Wednesday, April 21, 2010

Sauce Hollandaise: Pour la Darcette

Darcy tweeted the other day that she was going to be cooking up some Julia Childs' recipes and thus also learning some French.
Here is a tried and true recipe for la sauce hollandaise, or as we call it chez moi, œuf sauce, or butter still: lardendaise sauce.  The recipe was taken from a book called Les Sauces, which is a compendium of nearly every sauce known to French cooking:

1 & 1/3 stick butter
3 egg yolks (throw the whites away or feed them to your dog)
2 Tbls water or dry white wine
1/4 tsp white pepper
ca. 2 Tbl lemon juice

Melt the butter in a pan then set aside (a microwave is fine too-just get it hot enough to melt).

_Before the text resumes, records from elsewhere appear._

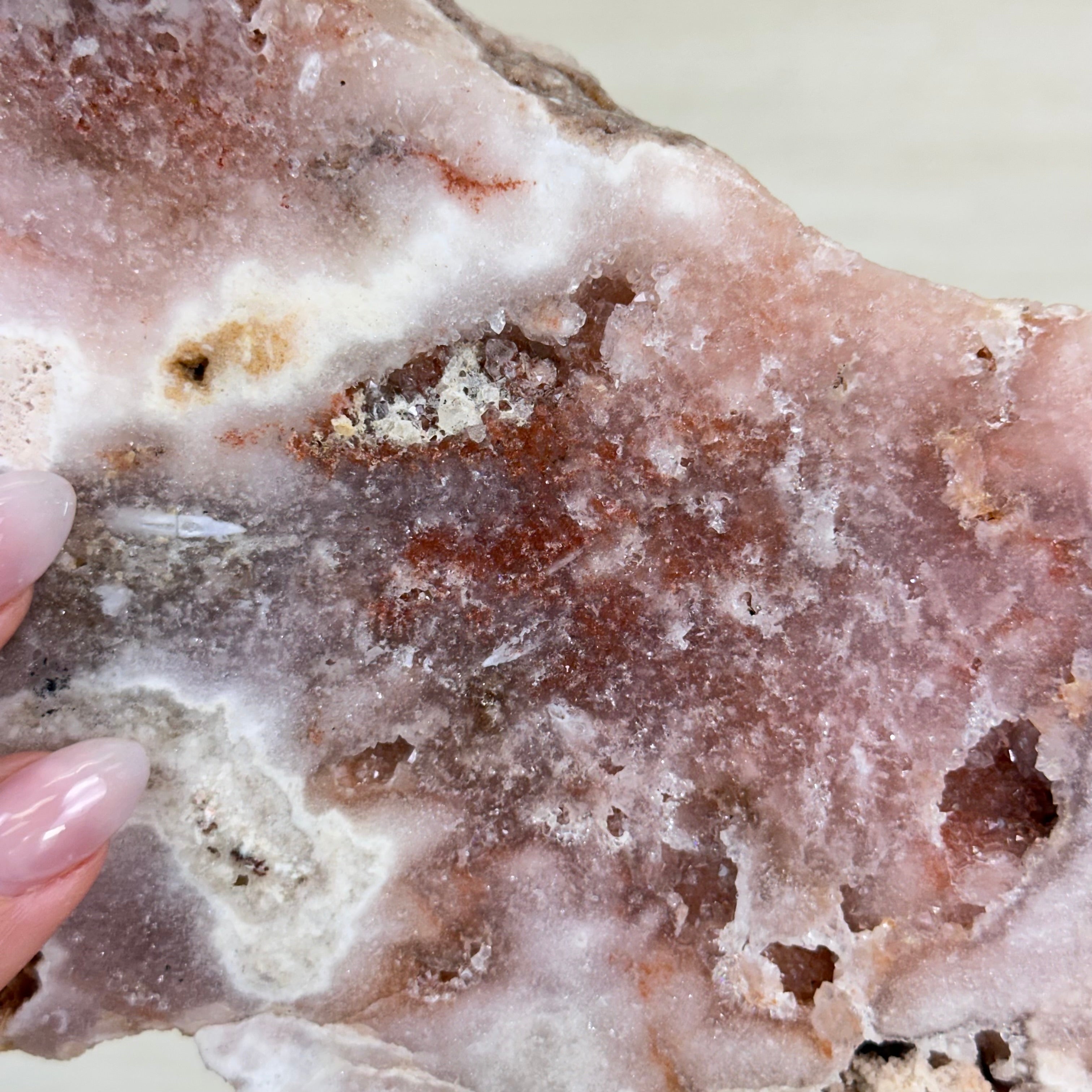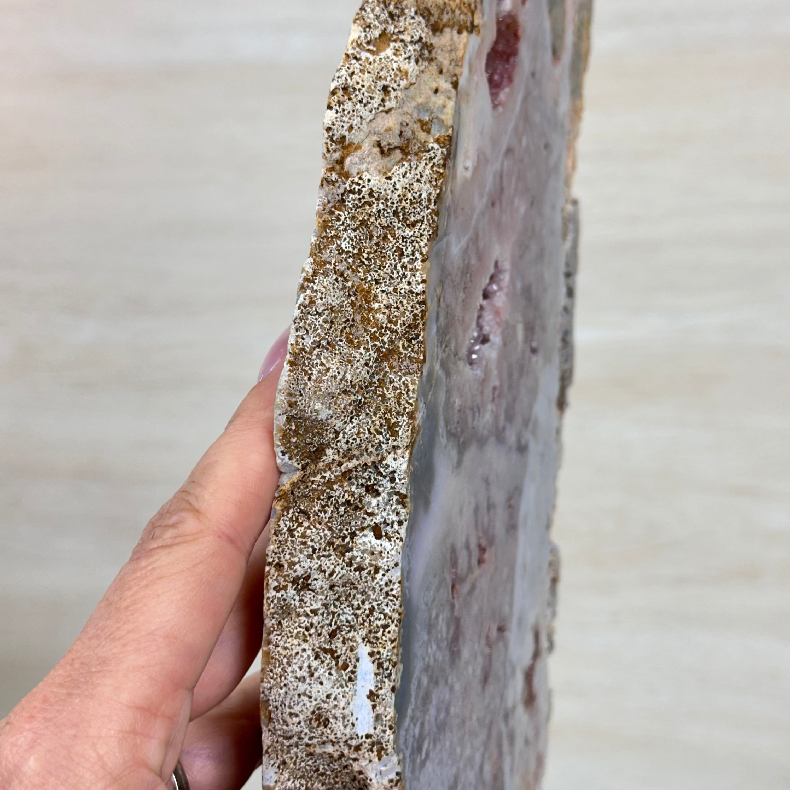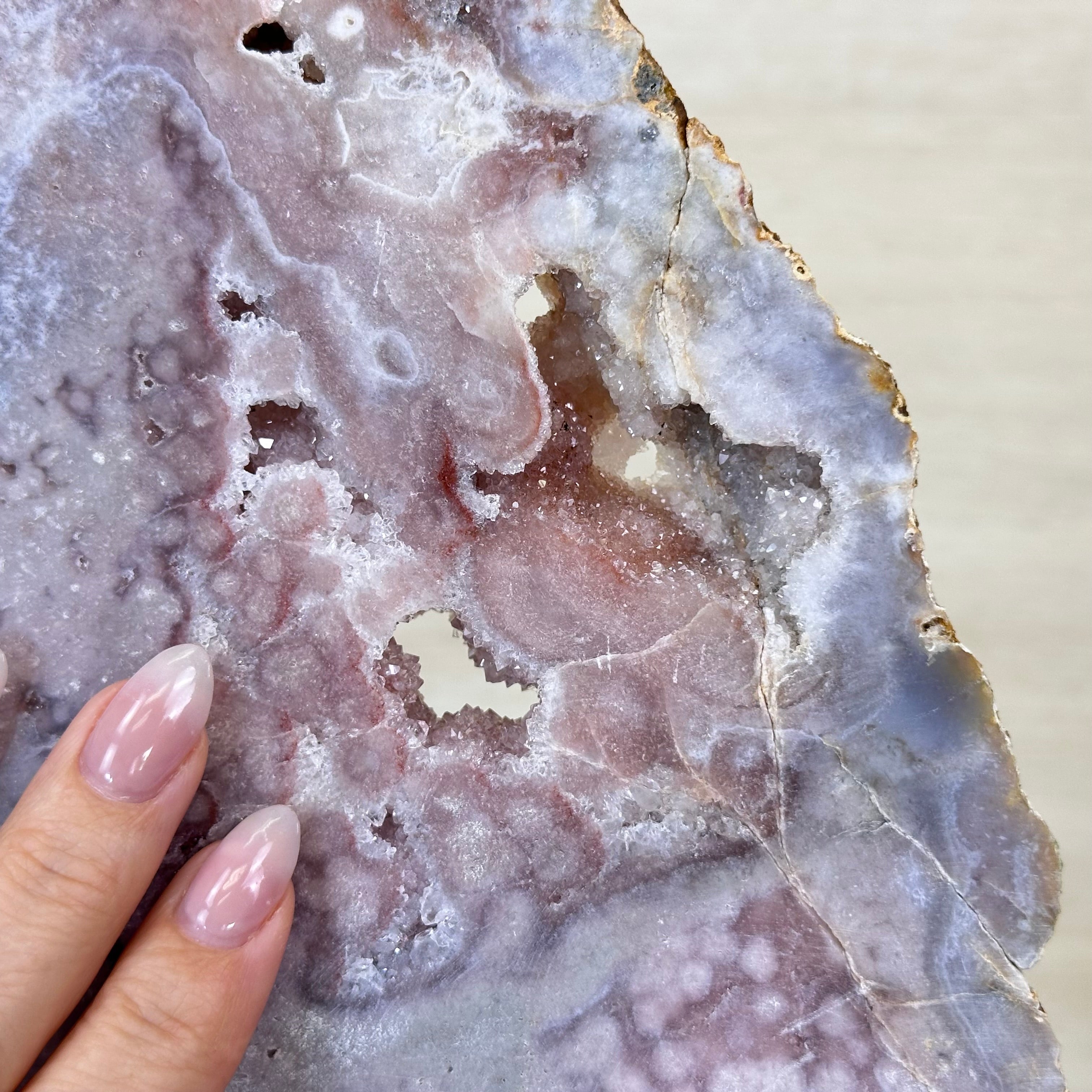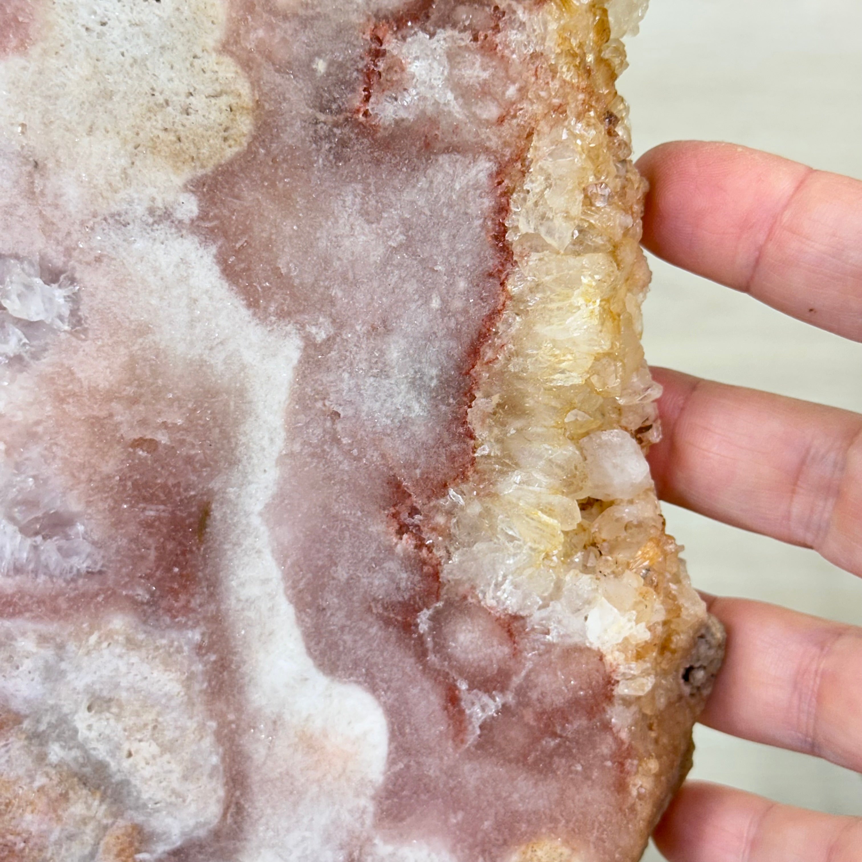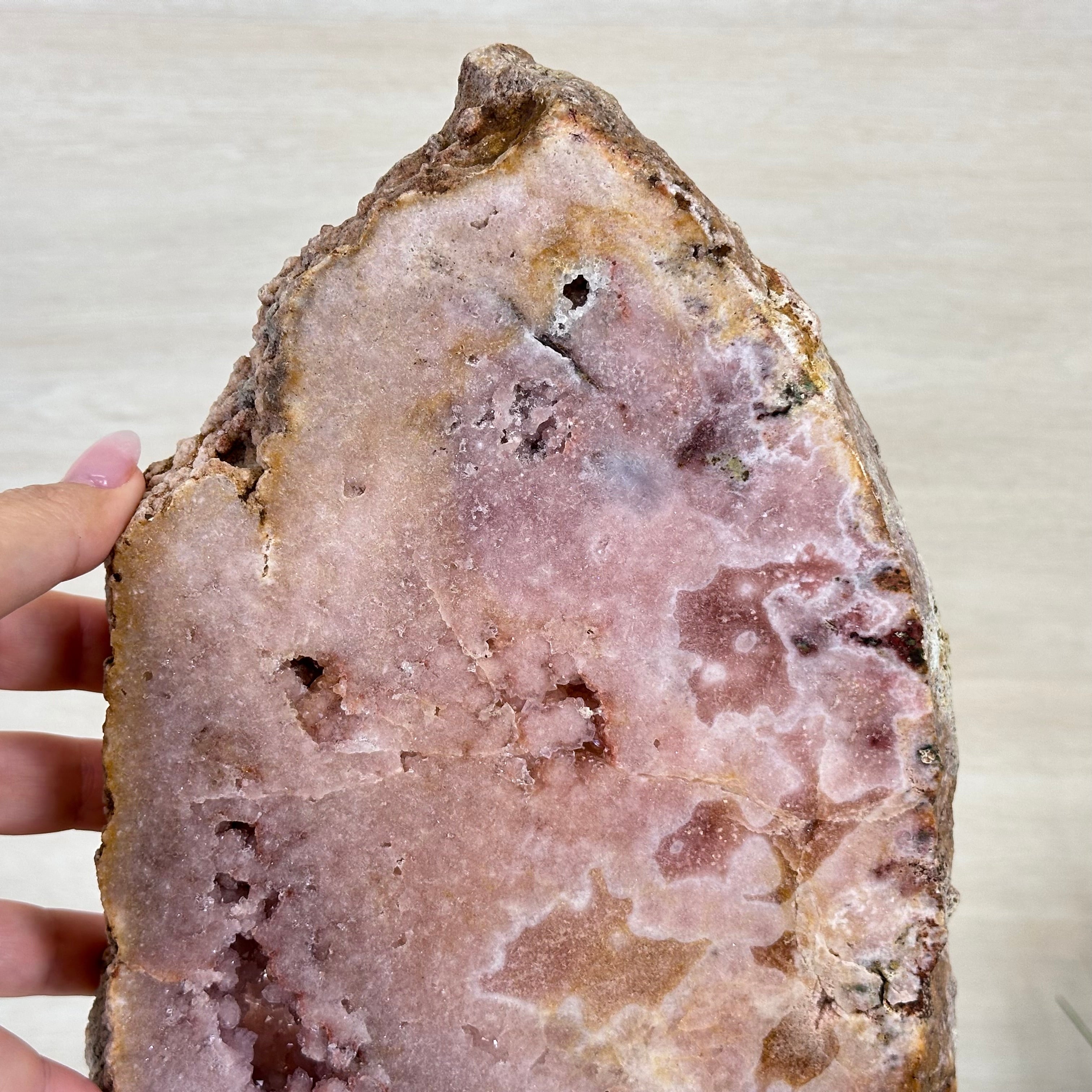 Pink Amethyst is a striking gemstone known for its beautiful pale pink color. It is part of the Amethyst family, offering a unique twist on the classic violet hues. Our Pink Amethyst Slices feature stunning natural patterns and rich tones that can transform your space. These slices are a perfect addition to any home or office décor, bringing the natural beauty of Brazilian gemstones into your environment.
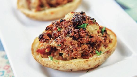 Ψήνετε σε αλουμινόχαρτο ολόκληρη την πατάτα μέσα στον φούρνο, με τη φλούδα. Όταν είναι έτοιμη, την ανοίγετε στα δυο, αδειάζετε λίγη από την ψίχα και προσθέτετε κιμά, μυρωδικά και τριμμένο τυράκι. Ψήνετε για 5-8 λεπτά στον φούρνο.
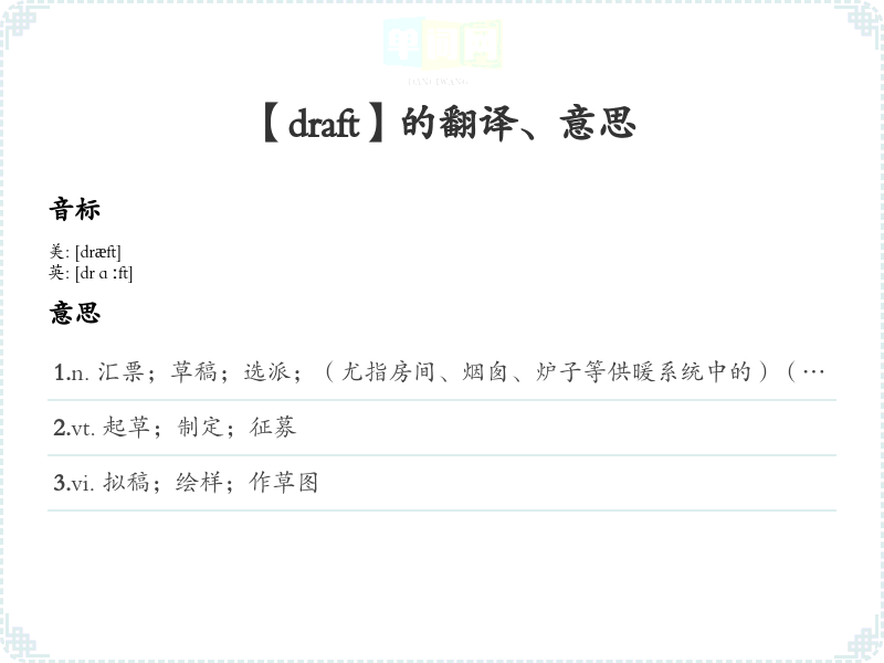 - 音标记忆法:可以将 draft 的音标 /dræft/ 与“拖拉”的发音联系起来,帮助记忆。

Mix the egg yolks and the water or wine in a separate pan (I use a double boiler and this pan serves as a place to keep the sauce when finished). Whisk the yolks and the wine with one of those wire whips just until the yolks begin to thicken. This is why harsh direct heat should be avoided (they are worth having if you make lots of sauces). At this point, begin adding the melted butter little by little all while whisking. Add the lemon juice, pepper and a dash of salt according to taste.

If the sauce crashes (separates into oil and solids) remove from the heat immediately. It is sometimes possible to save the sauce by adding more white wine: the ethanol in the wine acts as an emulsifier, helping to mix the oil from the butter with the protein/water from the egg.

This recipe makes enough for 4 people on a diet. Scale accordingly.

bon appetit!


  1. Hollandaise! Mmmmmm!

    I went to chef school decades ago, at night after the usual work day. I thought that chopping a bushel of veggies into fine particles every night would work off the frustrations of having been dumped by a woman I was dating.

    Turned out to be a great deal of work, and a hell of a lot of fun. I never worked as a chef. My home has been the preferred venue for family gatherings for a long time.

    Hollandaise came first and is considered the mother of the warm emulsified sauces. Béarnaise is the best known and certainly best loved variation.

    Béarnaise sauce substitutes vinegar for the water, and adds shallots, tarragon, chervil, and (sometimes) parsley, thyme, bay leaf, and cayenne pepper. It is most often served with grilled meat or fish.

    Among the variations of hollandaise are Mousseline Sauce (with cream added), Maltaise Sauce (with orange juice and zest), Mikado Sauce (with tangerine juice and zest), mustard sauce (with white mustard). There are also versions with horseradish, anchovies, or capers. Among the descendants of béarnaise sauce are Choron Sauce (with tomato), Valois Sauce (with veal stock), and Paloise Sauce (with mint instead of tarragon).

    You'll probably "break" the sauce the first time you make it. It will still taste good, but won't look very appealing. Breaking the sauce means that it separated, as El Pollo pointed out.

    It can be repaired if it breaks. Heat a tablespoon or two of cream in a fresh pan; slowly whisk in the broken sauce over low heat. Presto fixo!

    Reading any book by Julia Child is a good way to start cooking. So is watching the food channel and experiment with what you've seen.

    My favorite French cook book is the classic Escoffier Cook Book. Not difficult, but properly detailed.

    Jacques Pepin's books are the gold standard. Try La Technique as a start.

    Happy dining! Don't get all micro-managey about recipes; just use good ingredients and go for it.

  2. Wow! I did miss this. Was really busy at work. You guys are amazing. And I've tried to make hollandaise sauce before because I love it? But I wasn't successful.

    Going to try this!! *hugs*

  3. I want to try making hollandaise with cayenne pepper instead of white pepper sometime just for the heat value.

  4. Darcy, one way to "cheat" is to use a blender. You can put the melted butter in first and use the heat of the butter to cook the egg yolks just enough. I've never done it myself but I've tasted the result and it's OK.

    One think is for sure: hollandaise packaged mixes suck big time as do restaurants which use them (and I can always taste the difference).